Word for word, retype the lines from the one containing "Решила обновить архив" to the one containing "Δήμος Ζηρού Τετάρτη" below, keeping both end lines and dropping the pictures.

> _Data supplied_:
++++++++++++++++++++
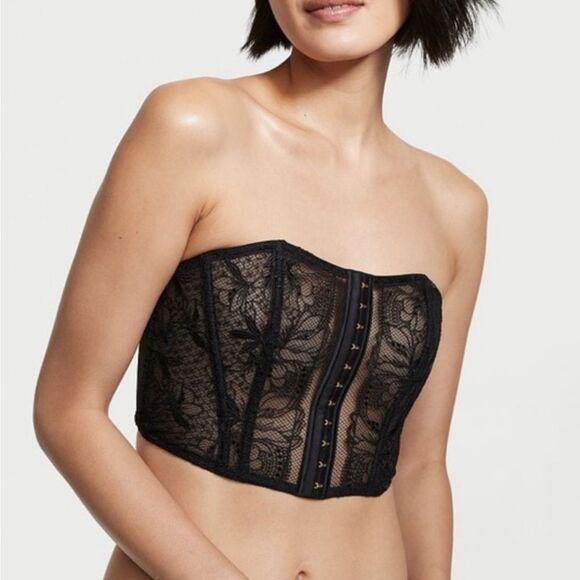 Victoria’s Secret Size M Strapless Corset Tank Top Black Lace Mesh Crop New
++++++++++++++++++++
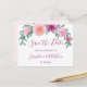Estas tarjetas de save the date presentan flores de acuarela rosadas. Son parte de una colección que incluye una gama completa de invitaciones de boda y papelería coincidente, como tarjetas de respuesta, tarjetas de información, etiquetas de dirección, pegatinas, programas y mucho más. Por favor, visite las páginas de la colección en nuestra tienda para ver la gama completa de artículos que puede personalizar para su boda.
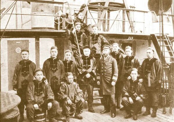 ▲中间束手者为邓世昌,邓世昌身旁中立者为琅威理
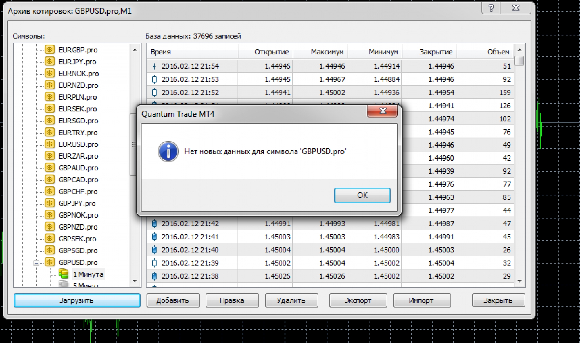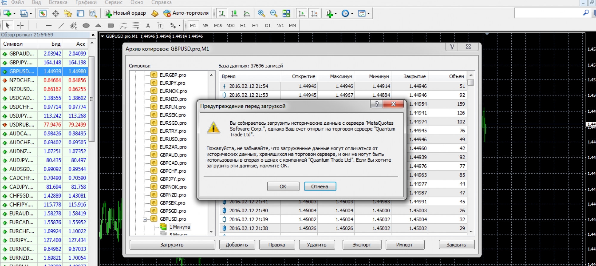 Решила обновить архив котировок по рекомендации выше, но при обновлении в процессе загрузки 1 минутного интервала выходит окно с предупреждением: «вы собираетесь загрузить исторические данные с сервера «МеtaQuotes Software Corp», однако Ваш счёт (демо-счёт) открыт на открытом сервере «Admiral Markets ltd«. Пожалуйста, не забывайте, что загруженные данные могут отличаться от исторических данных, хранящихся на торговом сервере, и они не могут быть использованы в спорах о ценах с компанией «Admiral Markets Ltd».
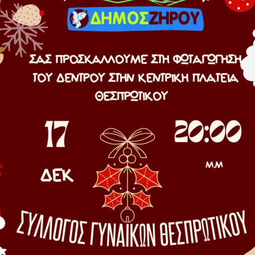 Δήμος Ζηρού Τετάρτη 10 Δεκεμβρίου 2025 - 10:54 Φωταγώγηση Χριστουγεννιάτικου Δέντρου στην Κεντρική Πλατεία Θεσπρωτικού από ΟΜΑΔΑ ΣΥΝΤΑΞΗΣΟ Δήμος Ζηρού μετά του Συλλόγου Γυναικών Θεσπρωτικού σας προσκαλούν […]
++++++++++++++++++++
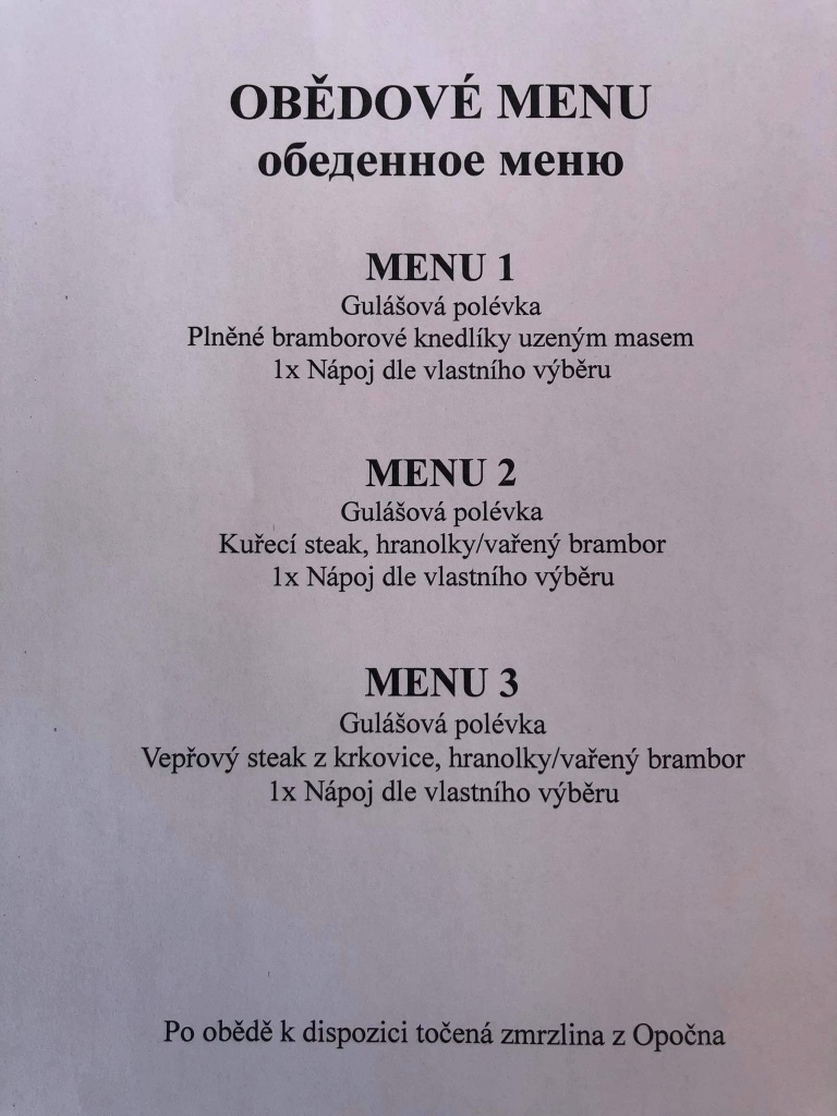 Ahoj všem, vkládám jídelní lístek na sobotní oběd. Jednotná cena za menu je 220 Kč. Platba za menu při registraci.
++++++++++++++++++++
> _Solution to the exercise_:
 Решила обновить архив котировок по рекомендации выше, но при обновлении в процессе загрузки 1 минутного интервала выходит окно с предупреждением: «вы собираетесь загрузить исторические данные с сервера «МеtaQuotes Software Corp», однако Ваш счёт (демо-счёт) открыт на открытом сервере «Admiral Markets ltd«. Пожалуйста, не забывайте, что загруженные данные могут отличаться от исторических данных, хранящихся на торговом сервере, и они не могут быть использованы в спорах о ценах с компанией «Admiral Markets Ltd».
 Δήμος Ζηρού Τετάρτη 10 Δεκεμβρίου 2025 - 10:54 Φωταγώγηση Χριστουγεννιάτικου Δέντρου στην Κεντρική Πλατεία Θεσπρωτικού από ΟΜΑΔΑ ΣΥΝΤΑΞΗΣΟ Δήμος Ζηρού μετά του Συλλόγου Γυναικών Θεσπρωτικού σας προσκαλούν […]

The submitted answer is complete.